Garbanzo beans vs 100% whole grain quick cooking oats
Wondering which one to pick? We analyzed the nutritional profile, ingredients, and vegan status to help you decide.

Garbanzo beans

100% whole grain quick cooking oats
The Verdict: Which is Better?
When placing Garbanzo beans and 100% whole grain quick cooking oats side-by-side, the nutritional differences become quite clear. Both products cater to specific dietary needs, but picking the right one depends on whether you are prioritizing weight loss, muscle gain, or clean eating.
For calorie-conscious consumers, Garbanzo beans is the clear winner. With 4 fewer calories per 100g than its competitor, it allows for more volume while keeping your energy intake in check.
However, watch out for the sugar content. Garbanzo beans contains significantly more sugar (11.4g) compared to the milder 100% whole grain quick cooking oats (0g). If you are monitoring your insulin levels or trying to cut down on sweets, 100% whole grain quick cooking oats is undeniably the healthier pick.
Looking to build muscle? Garbanzo beans offers a protein boost with 20g per 100g, outperforming 100% whole grain quick cooking oats in this category.

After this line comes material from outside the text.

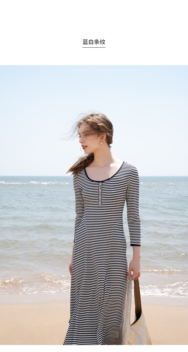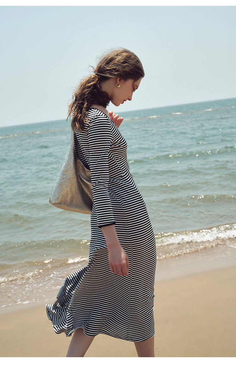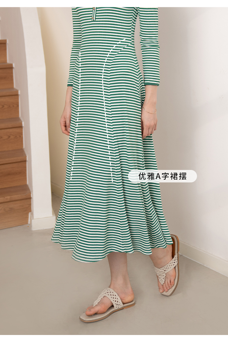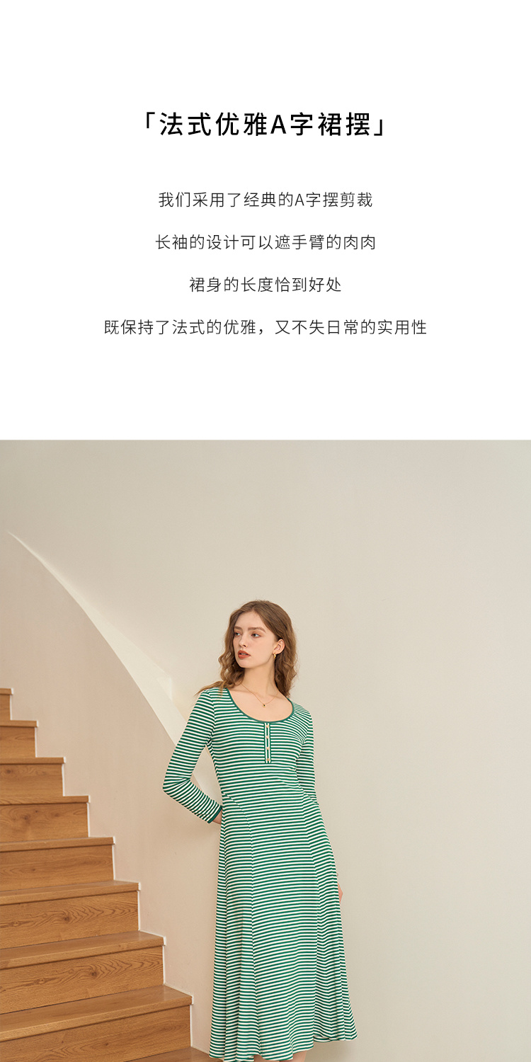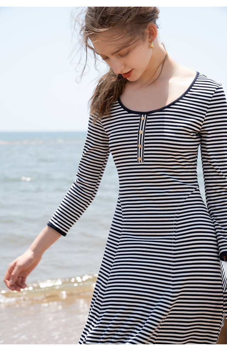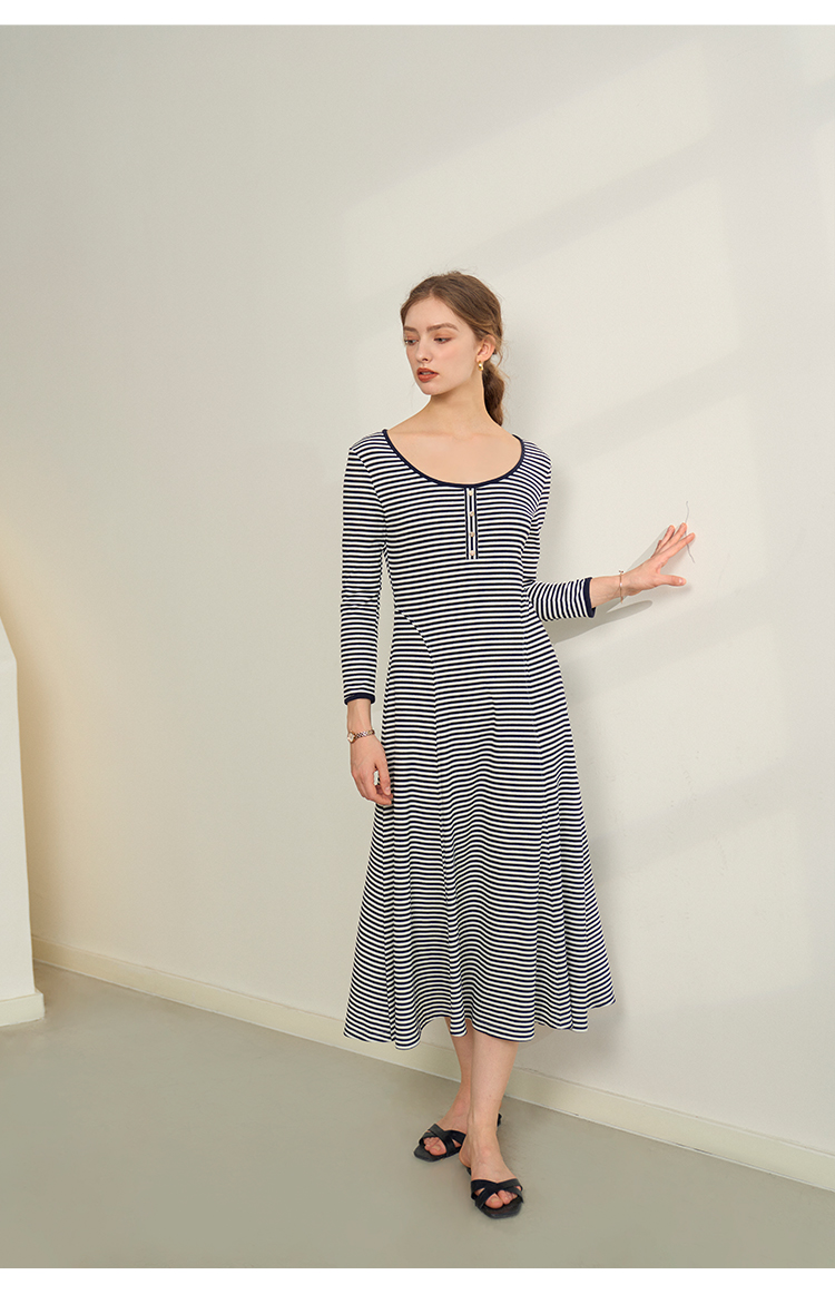 HeyDress大U领连衣裙女春秋法式撞色条纹收腰设计感修身针织裙子

Frequently Asked Questions
Which is healthier: Garbanzo beans or 100% whole grain quick cooking oats?
It depends on your goals. Garbanzo beans has 371 calories, while 100% whole grain quick cooking oats has 375 calories. Check the detailed table above for sugar and fat content.
Is Garbanzo beans vegan?
No, Garbanzo beans is not certified vegan.
What is the calorie difference between Garbanzo beans and 100% whole grain quick cooking oats?
There is a difference of 4 calories per 100g between the two products.